Repeat the lines below exactly as written, please, from the line with "-. Brand : Satispac" to the line with "Entrée : coin", both lines included, and no others.
*** Opening of Source data ***
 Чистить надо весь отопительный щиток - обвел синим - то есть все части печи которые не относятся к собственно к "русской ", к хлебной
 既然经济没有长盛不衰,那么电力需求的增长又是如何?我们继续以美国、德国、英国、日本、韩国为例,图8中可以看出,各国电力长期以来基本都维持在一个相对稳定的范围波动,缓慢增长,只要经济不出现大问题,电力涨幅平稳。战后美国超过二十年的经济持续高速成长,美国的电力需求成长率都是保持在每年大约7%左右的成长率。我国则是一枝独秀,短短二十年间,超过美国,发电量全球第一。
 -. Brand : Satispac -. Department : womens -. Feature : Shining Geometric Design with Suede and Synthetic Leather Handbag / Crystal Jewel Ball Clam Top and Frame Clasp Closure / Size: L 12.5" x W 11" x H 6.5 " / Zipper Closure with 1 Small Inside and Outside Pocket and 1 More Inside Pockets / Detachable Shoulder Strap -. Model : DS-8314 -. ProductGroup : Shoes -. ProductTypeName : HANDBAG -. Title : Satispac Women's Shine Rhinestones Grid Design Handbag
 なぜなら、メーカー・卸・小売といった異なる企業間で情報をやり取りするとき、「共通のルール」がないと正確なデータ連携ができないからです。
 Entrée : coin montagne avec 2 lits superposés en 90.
*** Close of Source data ***
*** Opening of Source data ***
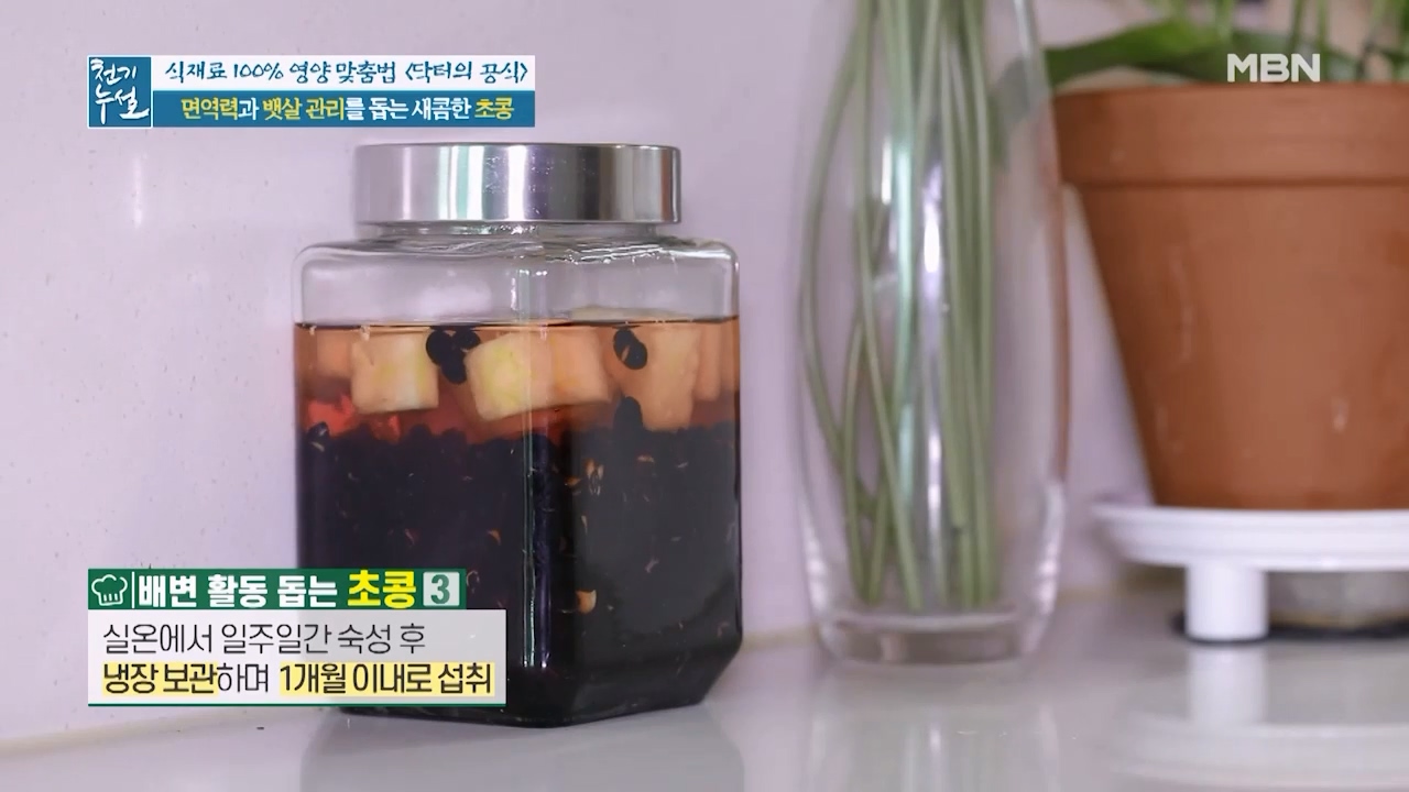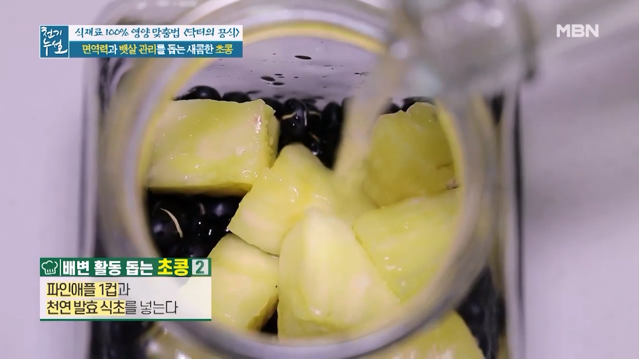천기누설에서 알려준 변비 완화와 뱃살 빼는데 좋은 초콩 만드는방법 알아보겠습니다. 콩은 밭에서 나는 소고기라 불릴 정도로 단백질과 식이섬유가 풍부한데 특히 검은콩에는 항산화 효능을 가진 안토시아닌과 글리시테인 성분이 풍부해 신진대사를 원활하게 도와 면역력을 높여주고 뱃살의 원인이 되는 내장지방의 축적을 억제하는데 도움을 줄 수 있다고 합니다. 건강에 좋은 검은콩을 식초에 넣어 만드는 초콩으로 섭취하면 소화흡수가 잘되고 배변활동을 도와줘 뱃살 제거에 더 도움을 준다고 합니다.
*** Close of Source data ***
Exercise response:
 -. Brand : Satispac -. Department : womens -. Feature : Shining Geometric Design with Suede and Synthetic Leather Handbag / Crystal Jewel Ball Clam Top and Frame Clasp Closure / Size: L 12.5" x W 11" x H 6.5 " / Zipper Closure with 1 Small Inside and Outside Pocket and 1 More Inside Pockets / Detachable Shoulder Strap -. Model : DS-8314 -. ProductGroup : Shoes -. ProductTypeName : HANDBAG -. Title : Satispac Women's Shine Rhinestones Grid Design Handbag
 なぜなら、メーカー・卸・小売といった異なる企業間で情報をやり取りするとき、「共通のルール」がないと正確なデータ連携ができないからです。
 Entrée : coin montagne avec 2 lits superposés en 90.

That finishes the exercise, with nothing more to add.